# Instructions to follow:
Each line of data below must be printed exactly as written, with any pictures removed.
########################################
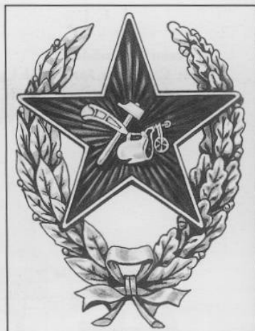
Official Red Army breast badge of 1918. It has the hammer-and-plough device, which gave way officially in 1922 to the better known hammer-and-sickle.

Red Army men serving in motorised, armoured-car and armour units all wore much the same uniform, characterised by the rich use of leather. It consisted of: a khaki cloth or leather cap with a large square peak, introduced in the Russian Army for automobilists and motorcyclists; a leather coat and gymnasterka. Leather or cloth breeches were worn with jackboots or boots with leggings. The dif-
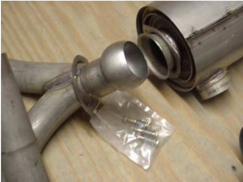
UNIVERSAL BALL JOINT
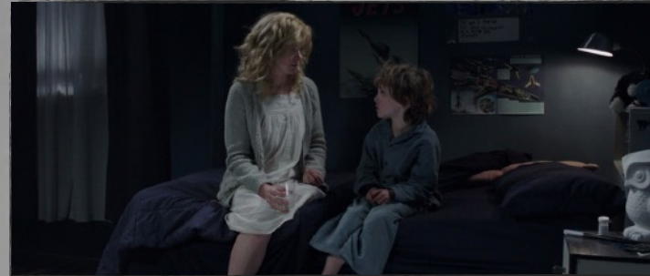
'The Babadook' (2014) Directed by Jennifer Kent

Production will use an Arri Alexa Mini to capture the Alien film. The aspect ratio will be either 2.35:1 or 2.39:1 depending on camera tests to create our desired look.
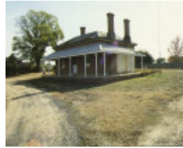
h00986 old1 former police superintendent s residence lislie street stawell front view may1993
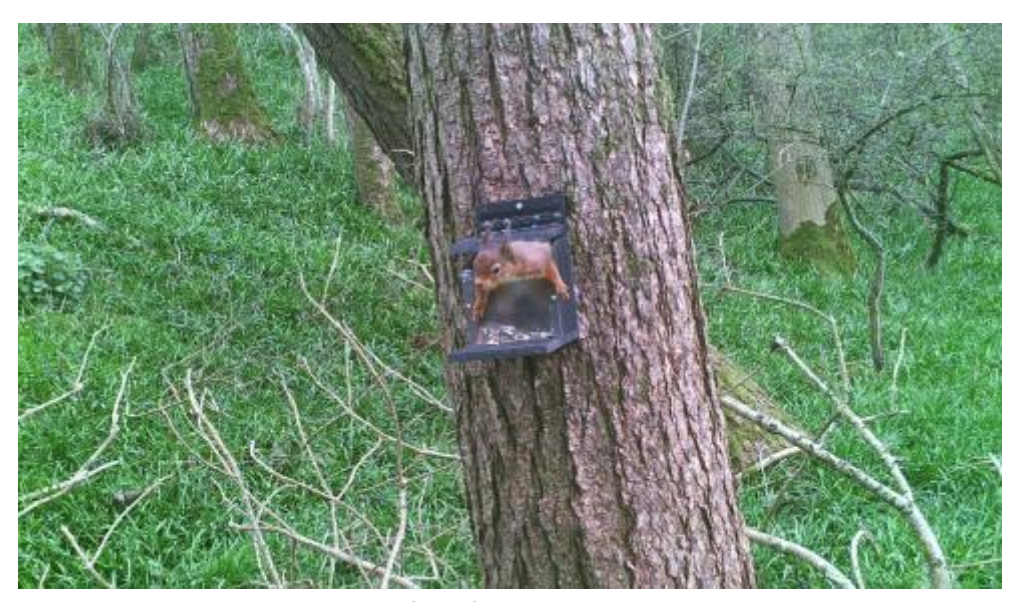
Still one of my favourite poses!

Feed still going within a day! Tends to be just two visitors, pale tail and one with a darker tail, looks fairly young Full marks if you work out the following caption:
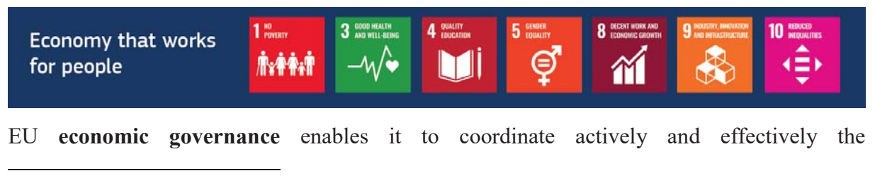
Figure 4: Contribution to the SDGs of headline ambition 'an economy that works for people'

By helping economies grow and by reducing poverty and inequality, the EU is also making direct contributions to several interconnected SDGs. Significant progress was made on reducing poverty and social exclusion (SDG 1) and on the economy and the labour market (SDG 8). However, only moderate progress was made on reducing inequalities (SDG 10).
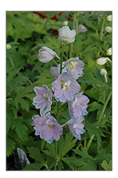
Guardian Lavender Larkspur flowers
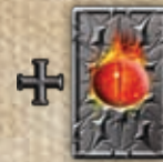
Draw Shadow and Plot Cards Icon
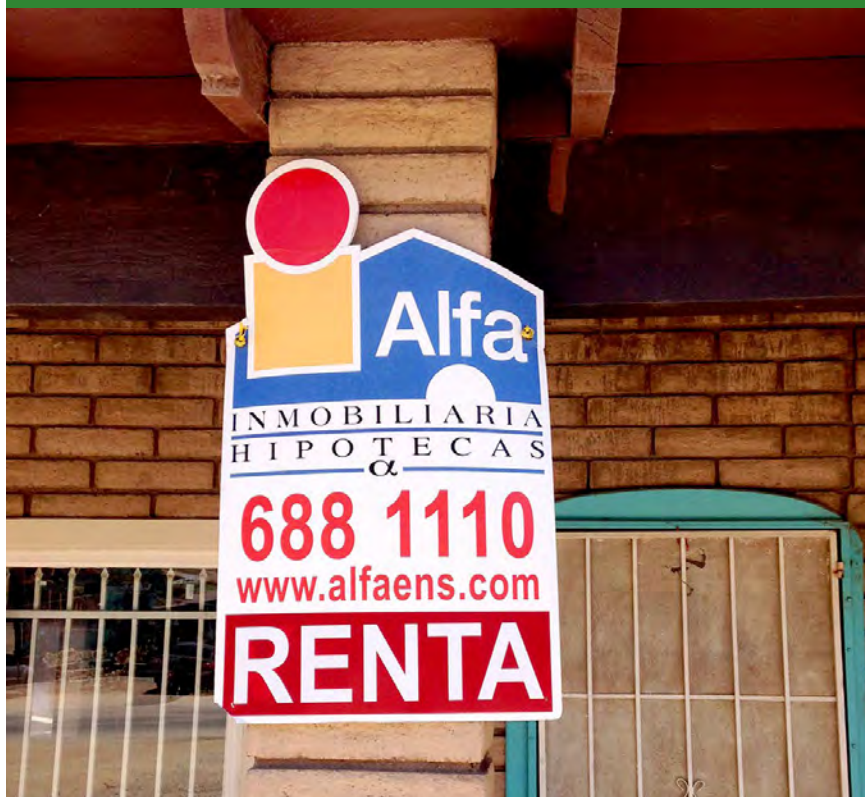
Alfa: It's not just a car anymore, it's a vacation rental too! Sign in La Jolla, Baja.
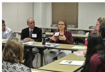
WFPMIYI empowers youth and gives them the opportunity to share their innovative ideas to better the world.

This life-changing experience offers the next generation of globally-minded leaders an opportunity to address international challenges through the investigation of new technology, potential academic pursuits, and future careers that will impact food insecurity across the world.
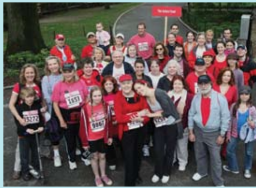
New York (Top) The Actors Fund team led by Captain Lynn Redgrave (center) at Central Park helped raise support for The Phyllis Newman Women's Health Initiative (PNWHI)
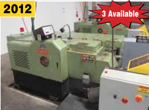
DAH-LIAN DL-C-NF-11B-5S Cold Former
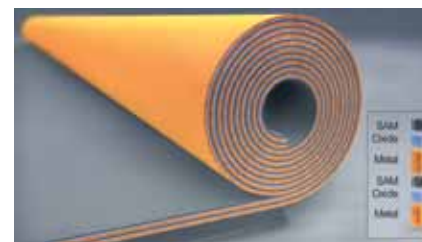
Self-rolled nanomembrane supercapacitor showing the hybrid layer sequence of self-assembled monolayer-oxide-metal. Reproduced with permission from Nano Lett. 10 (7) (2010) DOI: 10.1021/nl1010367; p. 2506.

p. 2506), the research team deposited strained multilayered nanomembranes by sequential depositions of metal and dielectric thin films on a sacrificial layer. Selective etching of the sacrificial layer initiated self-rolling of the nanomembranes into cylinders. The compactness of the cylinders was reproducibly tuned by careful control of the processing parameters. Hundreds of self-rolled cylinders can be prepared in parallel on a single chip which can be reused repeatedly. Furthermore, the research team demonstrated that organic monolayers may be introduced in the inorganic films of the nanomembranes to reduce leakage currents. In addition, these organic monolayers could be potentially leveraged for biological and chemical functionalization of these electronic elements with organic molecules. This self-rolling process can occur in aqueous media at physiological pH and is thus compatible for incorporation of biomolecules.
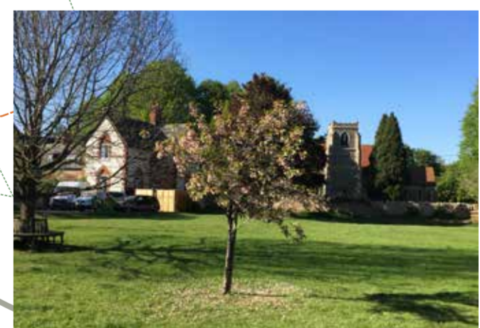
Towersey village green
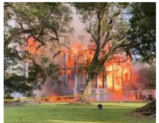
Nottoway Plantation, White Castle, Louisiana

Multiple airports across the country have reported random outages lasting up to 90 seconds. A haunted doll is hanging out in Louisiana. Also in Louisiana, the South's largest antebellum plantation burned to the ground Thursday and ten New Orleans prisoners escaped Friday morning. At present, seven are still on the loose. Annabelle, was this you?
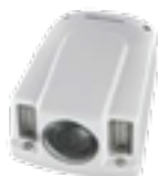
DS-2CD6510-I(O) 1.3MP Outer-vehicle Mini Dome Network Camera
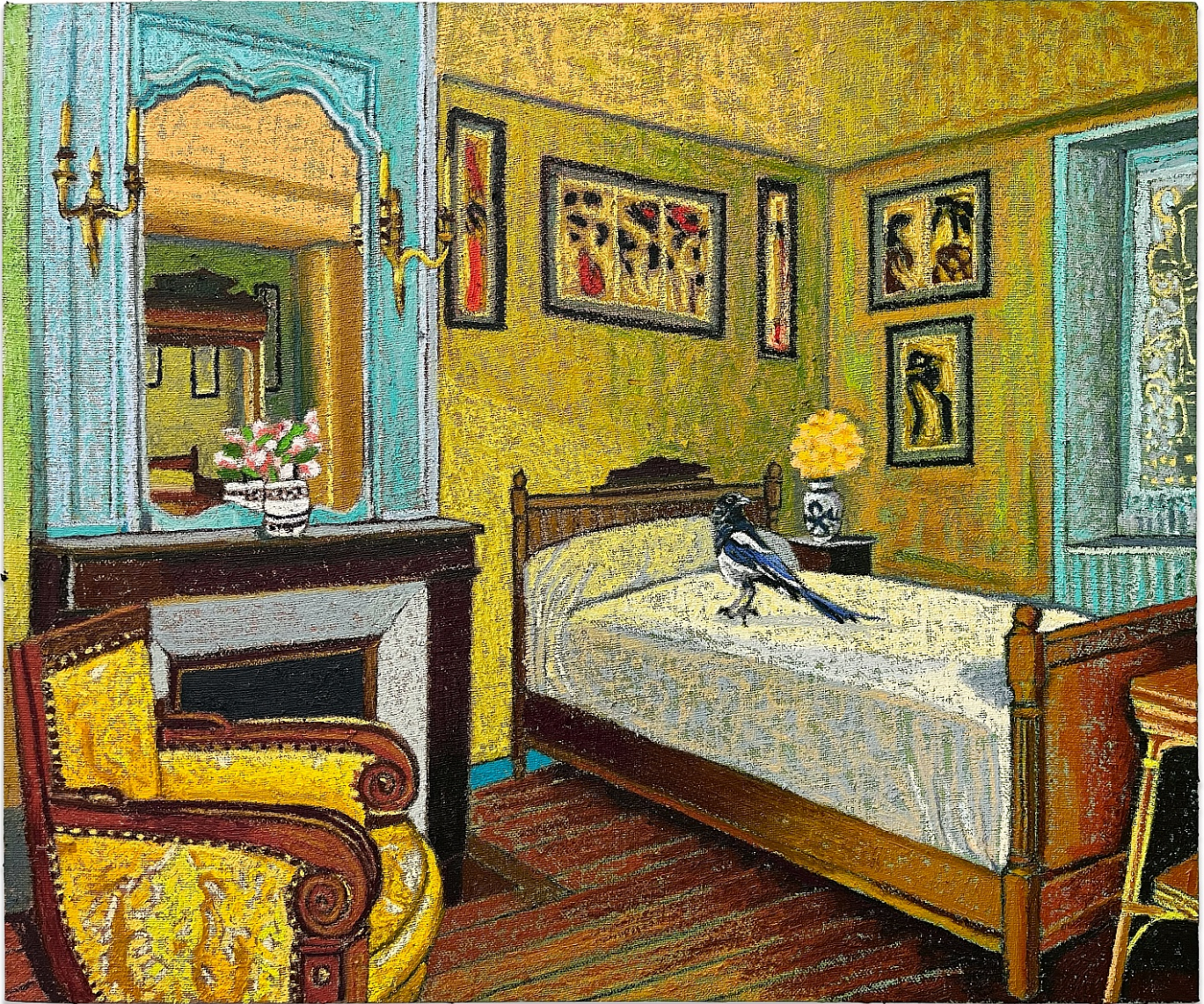
JJ Manford Monet's Bedroom at Giverny 2023 Oil stick, oil pastel and Flashe, on burlap over canvas 50h x 60w in $ 35,000.00
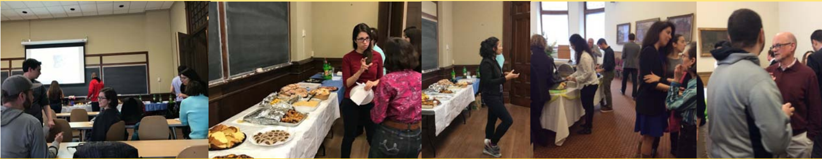
Spanish & Portuguese Undergraduate Awards Ceremony: March 30
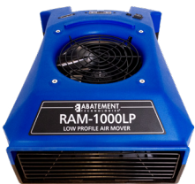
PART NO: RAM1000LP
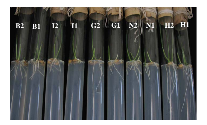
Figure 2 . Compare bioactivities between hydroquinone and other hormones on wheat (6th days). BAP, B2=1.0 mg/L; B1=1×10<sup>-1</sup> mg/L. IAA, I2=1.0 mg/L; I1=1×10<sup>-1</sup> mg/L. GA<sub>3</sub>, G2=1.0 mg/L; G1=1×10<sup>-1</sup> mg/L. NAA, N2=1.0 mg/L; N1=1×10<sup>-1</sup> mg/L. Hydroquinone, H2=1.0 mg/ L; H1=1×10<sup>-1</sup> mg/ L.

(Figure 3) showed that after culturing 30 days, the embryo growth (Figure 3, M3) of P.hexandrum seed was significantly hastened compared to IAA (Figure 3, M1) and GA_3 (Figure 3, M2), and the seedling (M3) was strong and healthy with the root developed. In addition; after culturing 40 days, the bulb of seedling (Figure 3, M3-1) began to rosette euphylls that needs 1 year to grow and develop at natural Condition that showed the growth and development of P.hexandrum was hastened and the cycle of the growth and development shortened by adding hydroguinone at a degree concentration.
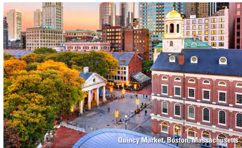
Quincy Market, Boston, Massachusetts
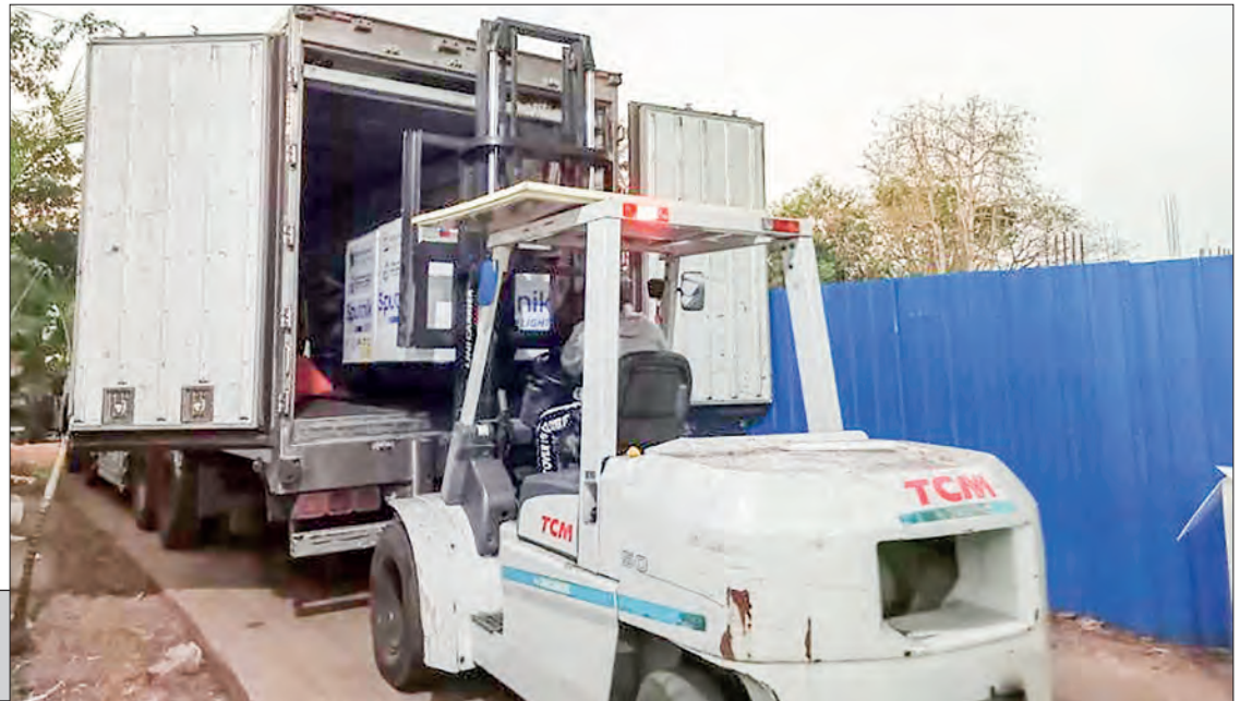
Covid-19 vaccines are loaded onto the Cold Chain Delivery Logistics vehicle.

Authorities from each township have received all the vaccines and the vaccines will be distributed to the public as soon as possible as per the target population groups, officials added. — MNA
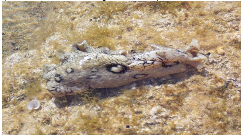
Figure 2. Aplysia dactylomela from Yeşilovacık Bay (35 cm length).

A specimen of spotted sea hare was seen in a rock pool which was covered with algae. It was first recorded from Yeşilovacık Bay in 2017 (Figure 2). The specimen of A. dactylomela were sighted in a rock pool at about 1 m deep and its length is 35 cm in the rock pool was covered with algae species. It was sighted the Padina pavonica from the brown algae in the rock pools.
########################################
# Exercise solution:
Official Red Army breast badge of 1918. It has the hammer-and-plough device, which gave way officially in 1922 to the better known hammer-and-sickle.

Red Army men serving in motorised, armoured-car and armour units all wore much the same uniform, characterised by the rich use of leather. It consisted of: a khaki cloth or leather cap with a large square peak, introduced in the Russian Army for automobilists and motorcyclists; a leather coat and gymnasterka. Leather or cloth breeches were worn with jackboots or boots with leggings. The dif-
UNIVERSAL BALL JOINT
'The Babadook' (2014) Directed by Jennifer Kent

Production will use an Arri Alexa Mini to capture the Alien film. The aspect ratio will be either 2.35:1 or 2.39:1 depending on camera tests to create our desired look.
h00986 old1 former police superintendent s residence lislie street stawell front view may1993
Still one of my favourite poses!

Feed still going within a day! Tends to be just two visitors, pale tail and one with a darker tail, looks fairly young Full marks if you work out the following caption:
Figure 4: Contribution to the SDGs of headline ambition 'an economy that works for people'

By helping economies grow and by reducing poverty and inequality, the EU is also making direct contributions to several interconnected SDGs. Significant progress was made on reducing poverty and social exclusion (SDG 1) and on the economy and the labour market (SDG 8). However, only moderate progress was made on reducing inequalities (SDG 10).
Guardian Lavender Larkspur flowers
Draw Shadow and Plot Cards Icon
Alfa: It's not just a car anymore, it's a vacation rental too! Sign in La Jolla, Baja.
WFPMIYI empowers youth and gives them the opportunity to share their innovative ideas to better the world.

This life-changing experience offers the next generation of globally-minded leaders an opportunity to address international challenges through the investigation of new technology, potential academic pursuits, and future careers that will impact food insecurity across the world.
New York (Top) The Actors Fund team led by Captain Lynn Redgrave (center) at Central Park helped raise support for The Phyllis Newman Women's Health Initiative (PNWHI)
DAH-LIAN DL-C-NF-11B-5S Cold Former
Self-rolled nanomembrane supercapacitor showing the hybrid layer sequence of self-assembled monolayer-oxide-metal. Reproduced with permission from Nano Lett. 10 (7) (2010) DOI: 10.1021/nl1010367; p. 2506.

p. 2506), the research team deposited strained multilayered nanomembranes by sequential depositions of metal and dielectric thin films on a sacrificial layer. Selective etching of the sacrificial layer initiated self-rolling of the nanomembranes into cylinders. The compactness of the cylinders was reproducibly tuned by careful control of the processing parameters. Hundreds of self-rolled cylinders can be prepared in parallel on a single chip which can be reused repeatedly. Furthermore, the research team demonstrated that organic monolayers may be introduced in the inorganic films of the nanomembranes to reduce leakage currents. In addition, these organic monolayers could be potentially leveraged for biological and chemical functionalization of these electronic elements with organic molecules. This self-rolling process can occur in aqueous media at physiological pH and is thus compatible for incorporation of biomolecules.
Towersey village green
Nottoway Plantation, White Castle, Louisiana

Multiple airports across the country have reported random outages lasting up to 90 seconds. A haunted doll is hanging out in Louisiana. Also in Louisiana, the South's largest antebellum plantation burned to the ground Thursday and ten New Orleans prisoners escaped Friday morning. At present, seven are still on the loose. Annabelle, was this you?
DS-2CD6510-I(O) 1.3MP Outer-vehicle Mini Dome Network Camera
JJ Manford Monet's Bedroom at Giverny 2023 Oil stick, oil pastel and Flashe, on burlap over canvas 50h x 60w in $ 35,000.00
Spanish & Portuguese Undergraduate Awards Ceremony: March 30
PART NO: RAM1000LP
Figure 2 . Compare bioactivities between hydroquinone and other hormones on wheat (6th days). BAP, B2=1.0 mg/L; B1=1×10<sup>-1</sup> mg/L. IAA, I2=1.0 mg/L; I1=1×10<sup>-1</sup> mg/L. GA<sub>3</sub>, G2=1.0 mg/L; G1=1×10<sup>-1</sup> mg/L. NAA, N2=1.0 mg/L; N1=1×10<sup>-1</sup> mg/L. Hydroquinone, H2=1.0 mg/ L; H1=1×10<sup>-1</sup> mg/ L.

(Figure 3) showed that after culturing 30 days, the embryo growth (Figure 3, M3) of P.hexandrum seed was significantly hastened compared to IAA (Figure 3, M1) and GA_3 (Figure 3, M2), and the seedling (M3) was strong and healthy with the root developed. In addition; after culturing 40 days, the bulb of seedling (Figure 3, M3-1) began to rosette euphylls that needs 1 year to grow and develop at natural Condition that showed the growth and development of P.hexandrum was hastened and the cycle of the growth and development shortened by adding hydroguinone at a degree concentration.
Quincy Market, Boston, Massachusetts
Covid-19 vaccines are loaded onto the Cold Chain Delivery Logistics vehicle.

Authorities from each township have received all the vaccines and the vaccines will be distributed to the public as soon as possible as per the target population groups, officials added. — MNA
Figure 2. Aplysia dactylomela from Yeşilovacık Bay (35 cm length).

A specimen of spotted sea hare was seen in a rock pool which was covered with algae. It was first recorded from Yeşilovacık Bay in 2017 (Figure 2). The specimen of A. dactylomela were sighted in a rock pool at about 1 m deep and its length is 35 cm in the rock pool was covered with algae species. It was sighted the Padina pavonica from the brown algae in the rock pools.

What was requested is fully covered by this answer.